The audit system uses deterministic rules rather than probabilistic models. Each tool call is evaluated against a fixed rule set — sensitive path access, dangerous command patterns, secret exposure, prompt injection signatures — and assigned a risk level (High / Medium / Low). The rules are transparent: anyone can read risk-scorer.ts and understand exactly why something was flagged. Considered: LLM-based classification (hallucination risk on security judgments — not acceptable for a security feature), anomaly-only detection (misses known-bad patterns that deterministic rules catch reliably). Trade-off: Rules can’t catch novel attack patterns. Anomaly detection (volume spikes, unusual hours, new domains) provides a second layer, but truly novel threats require rule updates.

Disposable Database, Rebuild-Based Schema Evolution

claw-lens is distributed via npm/npx, so upgrades must be zero-maintenance. There is no deploy pipeline, DBA, or migration window — but the previous claw-lens.db file may still exist on disk with an older schema. The key design choice is that the SQLite database is a derived cache, not the system of record. JSONL session files are the source of truth. That allows us to favor rebuild-based compatibility over complex migrations.
  • Startup validation: On startup, initSchema runs all table creation and schema checks before the API begins serving queries. The schema is guaranteed to be current before any request is handled.

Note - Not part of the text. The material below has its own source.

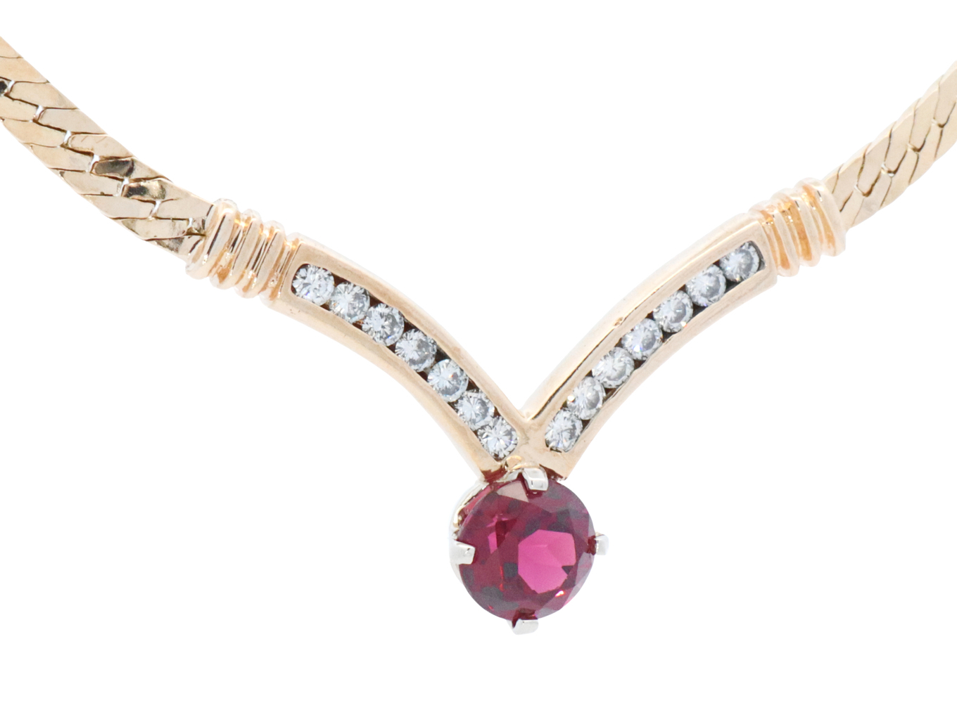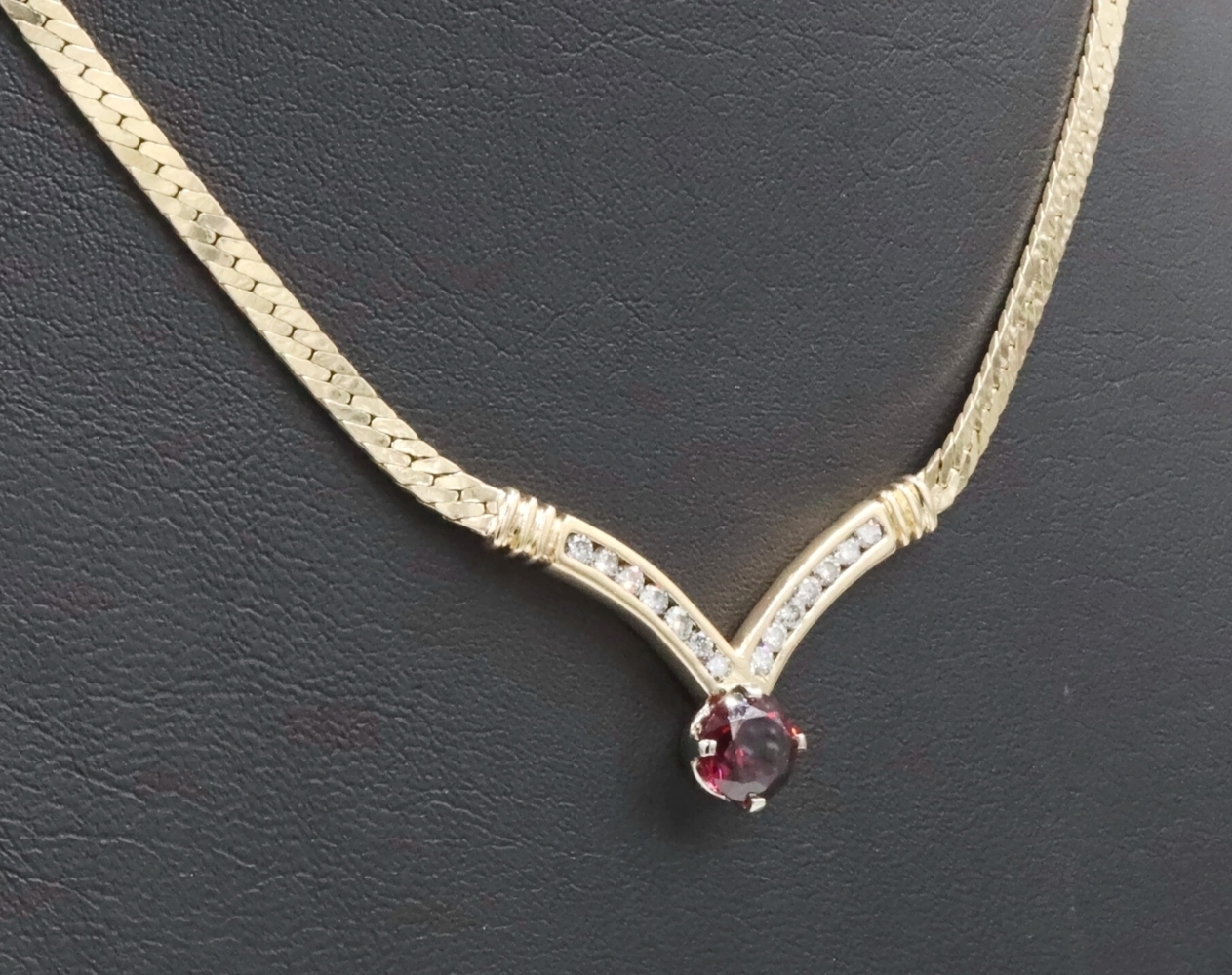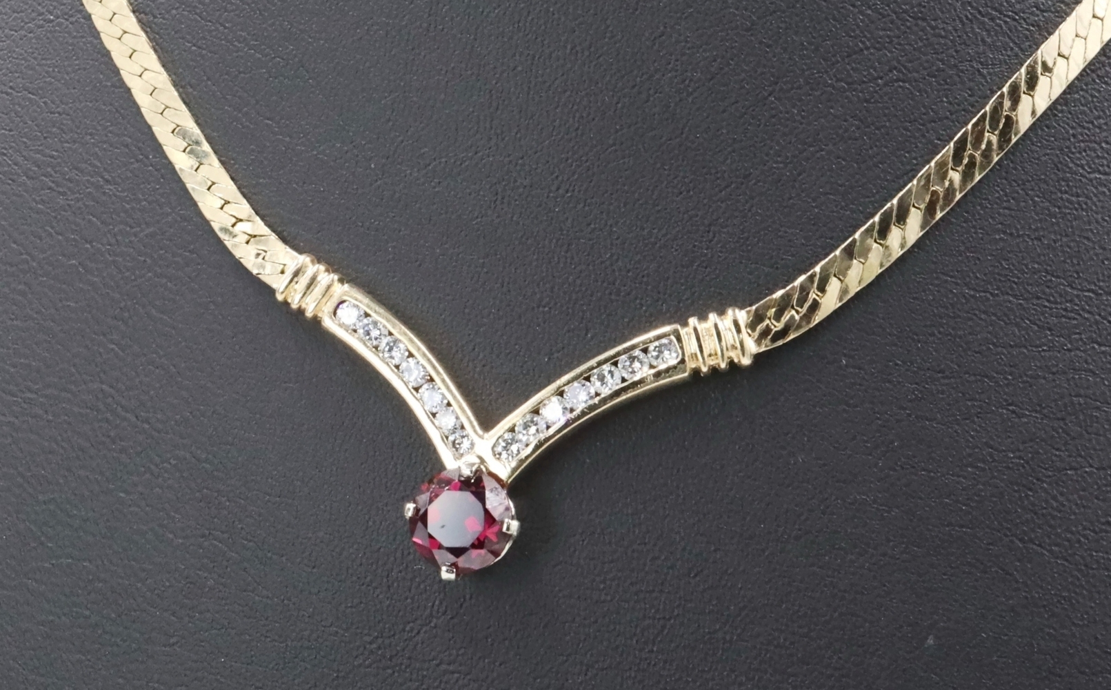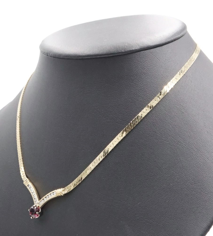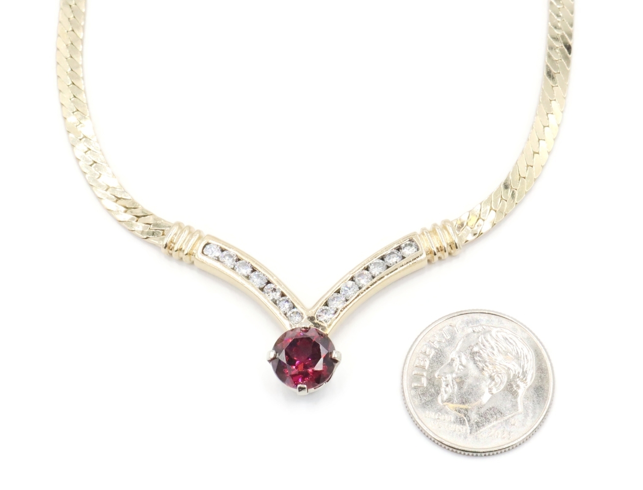 V-Style 2.20 Ct Round Garnet & Diamond 14KT Yellow Gold Herringbone Necklace 18" | USA Pawn

  • Additive changes: New columns are added with ALTER TABLE ADD COLUMN; if the column already exists, the operation is skipped.

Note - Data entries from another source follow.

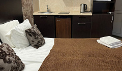 Ваш номер оснащен кондиционером, большим телевизором, феном, утюгом, качественным Wi-Fi и проводным интернетом. Постельное белье, халаты, тапочки и гигиенические принадлежности также включены.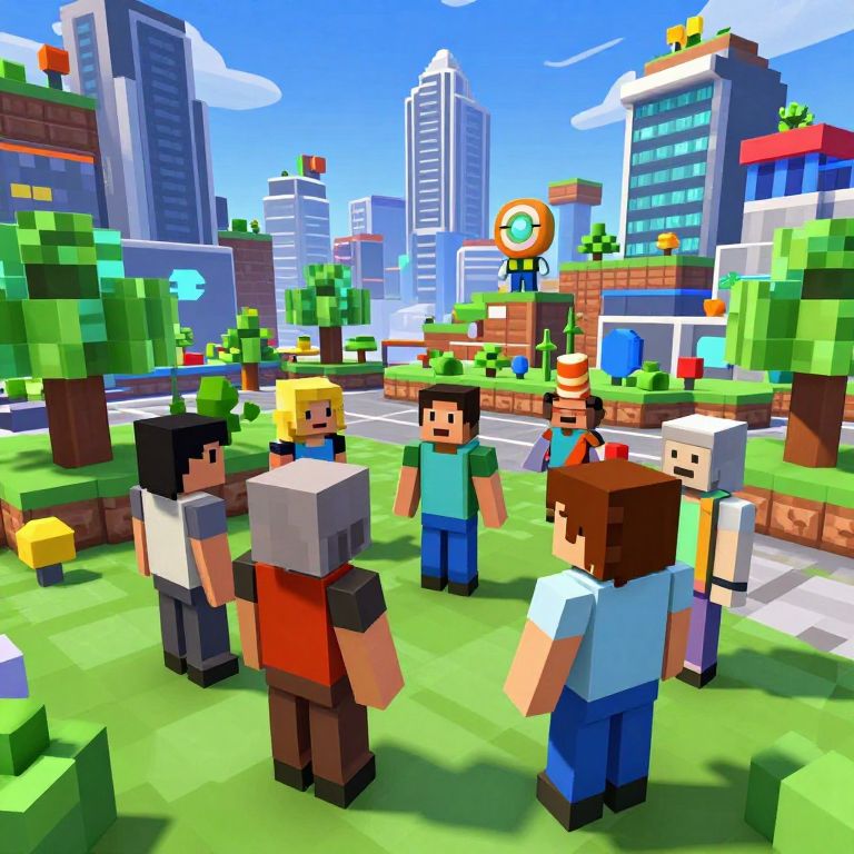Roblox virtual world scene with colorful blocky characters interacting in a lively digital cityscape, bright skies, pixelated trees, futuristic buildings, dynamic lighting, and playful atmosphere, high detail, vibrant colors, immersive gaming environment.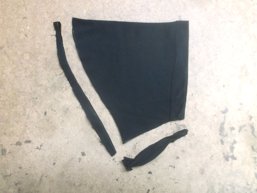 8枚目はTシャツの胴体の着丈以外の肩幅、身幅、裾幅の生地を見本に合う様にカットした後です。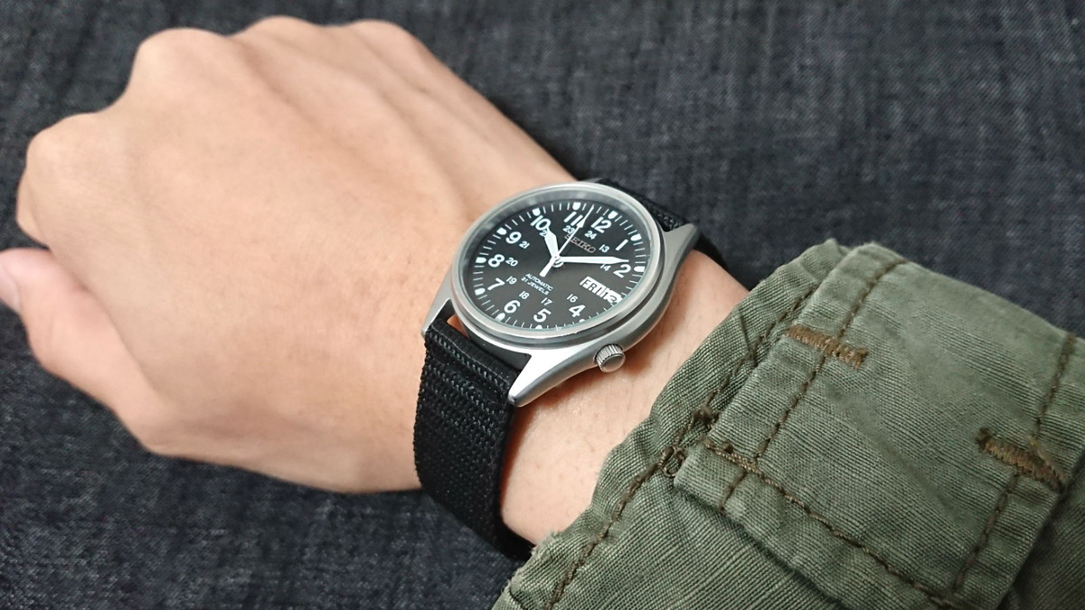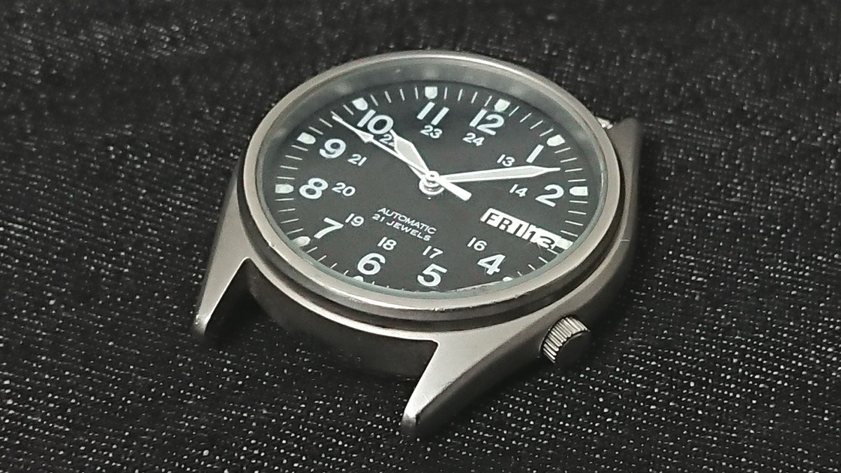 ケースサイズはやや小ぶりで幅約35ミリ。デザインは視認性の良い黒地に白文字、実用一辺倒を地で行く腕時計です。ちなみに名前に“ミリタリー”と冠されていますが、腕時計業界によくある“ミリタリー風”腕時計であって、「○○の軍隊に採用された!」なんてモノではありません。

  • Breaking changes: Versioned derived data (e.g. scoring logic, data format) is invalidated via version keys in the settings table (e.g. audit_scoring_version, session_aggregate_version) and rebuilt from source JSONL files.
  • Failure recovery: If the database becomes inconsistent, deleting claw-lens.db and restarting safely rebuilds the cache from source.

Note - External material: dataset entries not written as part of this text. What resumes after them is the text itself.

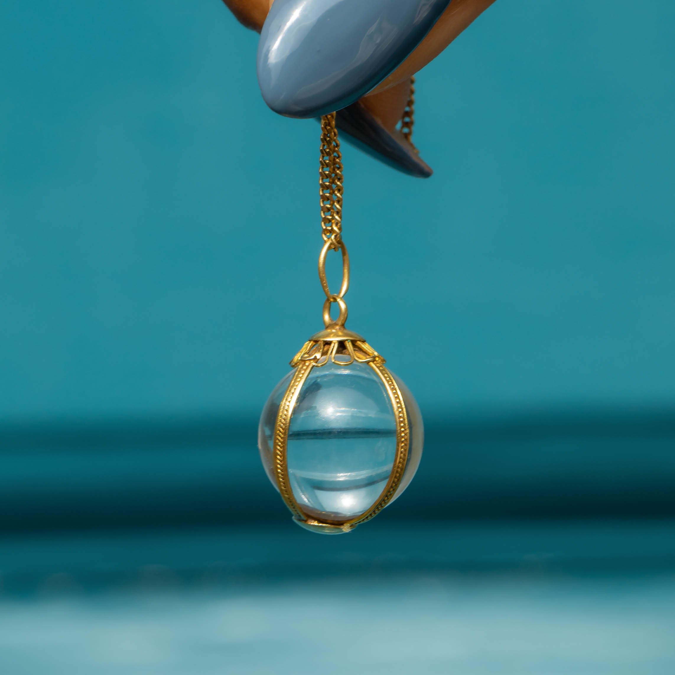 Antique 18ct Gold Rock Crystal Pools of Light Orb Pendant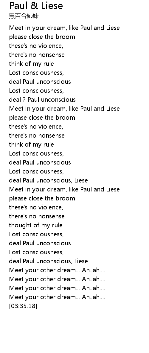 | [00:57.50] | Meet in your dream, like Paul and Liese |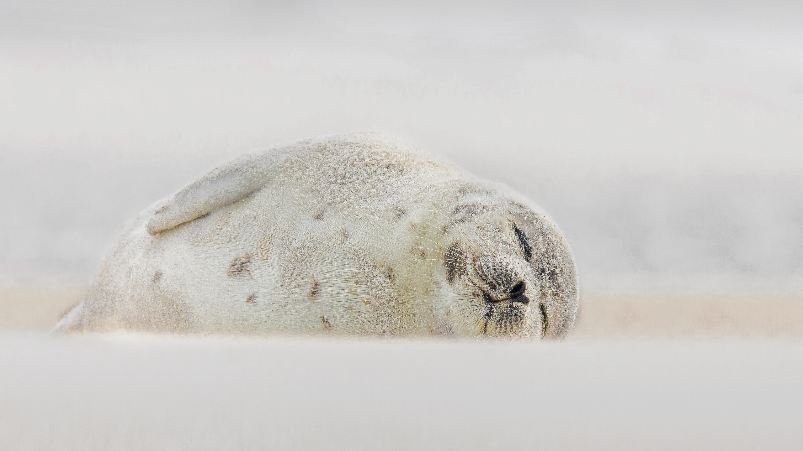 A serene 4K wallpaper showcases a Harp Seal sleeping peacefully on Jones Beach, Long Island, New York. Its pale, speckled fur, gently dusted with sand, blends almost seamlessly with the soft, ethereal background, evoking a profound sense of tranquility.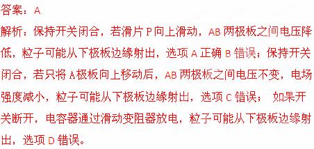 A. 保持开关闭合,若滑片P向上滑动,粒子可能从下极板边缘射出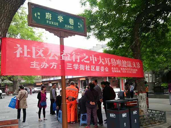 点击咨询 为进一步普及健康知识,帮助居民养成健康文明的生活方式,同时解决看病难的现状。4月13日上午,应西安市三学街社区委员会邀请,西安中大耳鼻喉医院医护人员前往碑林区三学街府学巷社区开展“健康义诊进社区”服务活动,活动受到了社区居民的大力支持和热烈欢迎。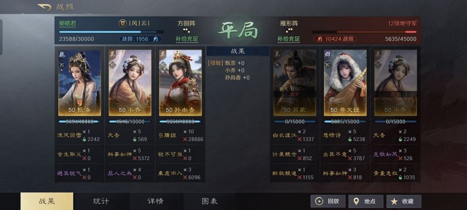 东吴郡主孙尚香,在如今的诸多三国题材SLG游戏里从来都是武力前几名的巾帼英雄,三国谋定天下自然也不例外。本期的主角,是一个游戏名为郁皓君的兄弟,在搭配方面也是称得上标新立异,竟然让曹魏的美人甄洛跟她搭起了班子。 或许因为他自己在三国谋定天下里是青囊职业的关系,故而对于治疗系的角色都比较偏爱,并且有着比较深入的研究,才会这样配着玩吧。从他分享的战报来看,甄洛、小乔和孙尚香的组队确实也获得了不错的成绩
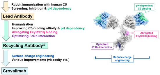 This study elucidates the innovative molecular design and function of the recently approved crovalimab, carefully engineered to enable its optimized Q4W maintenance SC dosing regimen, thereby addressing critical unmet needs in the treatment of PNH [50], where lifelong management is required. Crovalimab was created through a process including rabbit immunization, humanization, recycling antibody generation by improving pH-dependent antigen binding and optimizing FcRn interaction, and surface-charge engineering (Figure 1).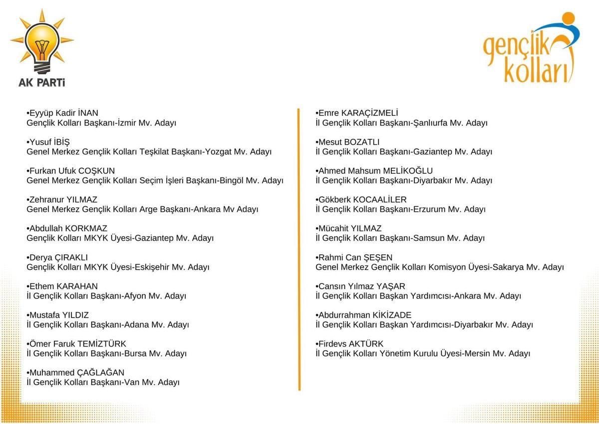 AK Parti Genel Merkez Gençlik Kolları Başkanı Eyyüp Kadir İnan başta olmak üzere, birçok genç ismi seçilebilecek yerden aday olarak gösteren AK Parti, gençlere verdiği önemi bir kez daha kanıtladı.

This works because claw-lens does not treat SQLite as primary storage; it treats it as an index and query layer over durable files on disk.

What We Don’t Build

These are intentional exclusions, not a to-do list.
Not builtWhyWho this serves
Cloud syncAll data stays on the user’s machine. No account, no login, no data leaving localhost. A builder using AI agents for sensitive work shouldn’t worry about their session logs being uploaded anywhere.Privacy-conscious users, enterprise builders.
Multi-tenant / team featuresclaw-lens is a single-player tool. One machine, one user, one SQLite file. Team observability is a different product with different trust boundaries.Solo builders who want simplicity over collaboration overhead.
Instrumentation SDKclaw-lens doesn’t inject code into your agents. It doesn’t require you to add import clawLens from 'claw-lens' to your agent code. It reads JSONL files that OpenClaw already writes. Zero coupling.Users who don’t want to modify their agent setup.
Alert routing / PagerDutyAlerts were prototyped and removed (DROP TABLE alert_history, alert_rules, alert_routing_policies). A local dashboard that nobody else sees doesn’t need PagerDuty. The user is already looking at the screen.Users who don’t have an ops team.